Job Title: Site Reliability Engineer (SRE) / DevOps Lead
Location: Remote (Client Location: New Jersey, USA)
Employment Type: Contract (Long-term)
About the Role:
We are seeking a highly skilled and experienced SRE/DevOps Lead for a long-term contract position to support our client based in New Jersey. In this role, you will design, implement, and maintain scalable, secure, and high-performing infrastructure and deployment pipelines.
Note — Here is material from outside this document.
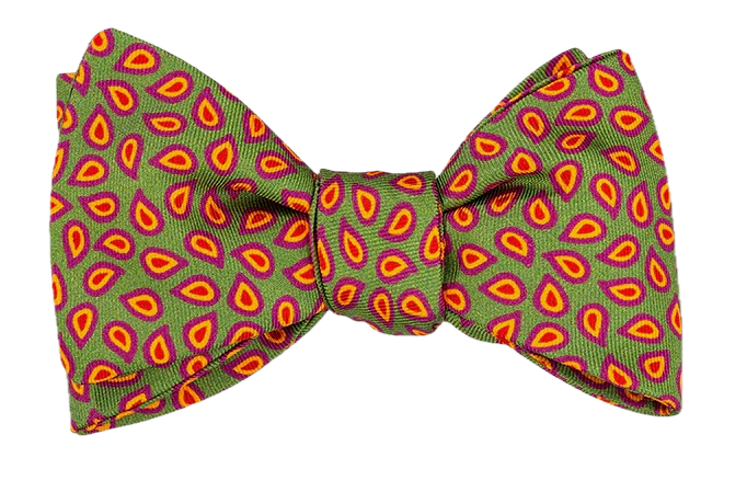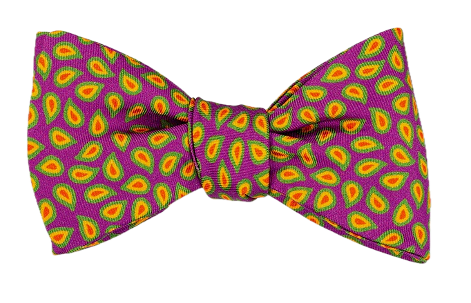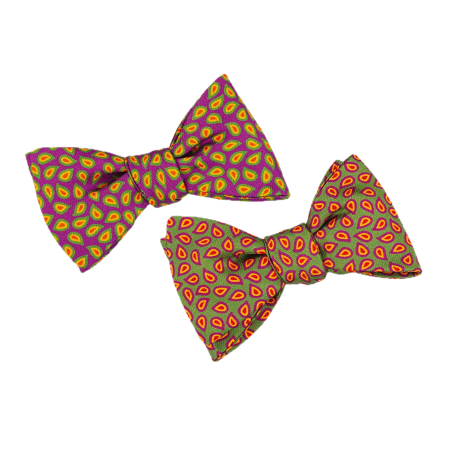 Mini paisley patterns dot these brightly colored silk bow ties. These handmade bow ties easily make a relaxed, classic knot and are built for long-lasting shape and enjoyment. A metal slider ensures a perfect fit, from 15 1/2 to 18 inches, while the metal hook allows the tie to be removed and reworn without tying and untying each time. The 2 1/2 inch butterfly shape is distinguished by its broad, flared ends that create a classic silhouette, the 2 1/4 inch classic cut has a more trim profile. 100% Silk.

You will collaborate with cross-functional teams to ensure system reliability and operational excellence.
This is a remote role, but candidates must be flexible to work in alignment with EST hours.
Key Responsibilities:
- Design, implement, and manage highly available and scalable cloud-based infrastructure (e.g., AWS, Azure, or GCP).
- Develop, maintain, and enhance CI/CD pipelines to support automated deployments and seamless software delivery.
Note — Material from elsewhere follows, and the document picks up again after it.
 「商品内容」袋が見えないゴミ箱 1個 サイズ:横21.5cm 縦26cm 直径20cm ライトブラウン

- Monitor and improve system performance, reliability, and security metrics while ensuring proactive incident management.
- Troubleshoot and resolve complex infrastructure and application issues in a timely manner.
- Implement best practices for Infrastructure as Code (IaC) using tools such as Terraform, CloudFormation, or Ansible.
- Lead efforts to adopt DevOps practices across teams, fostering a culture of collaboration and automation.
- Ensure compliance with industry standards and security policies.
- Document systems, processes, and troubleshooting guidelines for internal use.
Required Skills and Qualifications:
- Experience:
- 7 years of experience in DevOps/SRE roles, with at least 2 years in a leadership or senior capacity.
- Proven track record of designing and managing infrastructure for large-scale, mission-critical systems.
- Technical Expertise:
- Strong hands-on experience with cloud platforms like AWS, Azure, or GCP.
- Expertise in CI/CD tools such as Jenkins, GitLab CI/CD, CircleCI, or equivalent.
- Proficiency in scripting and automation using Python, Bash, or similar languages.
- Deep understanding of containerization and orchestration tools like Docker and Kubernetes.
- Knowledge of monitoring and logging tools such as Prometheus, Grafana, ELK Stack, or Datadog.
- Leadership:
- Proven ability to lead technical teams and mentor junior engineers.
- Strong problem-solving skills with a focus on continuous improvement.
- Other Requirements:
- Excellent communication and collaboration skills.
- Flexibility to work in alignment with EST time zones.
Preferred Skills:
- Certification in AWS, Azure, or Google Cloud.
- Experience with serverless architectures and microservices.
- Familiarity with compliance frameworks such as SOC 2, ISO 27001, or HIPAA.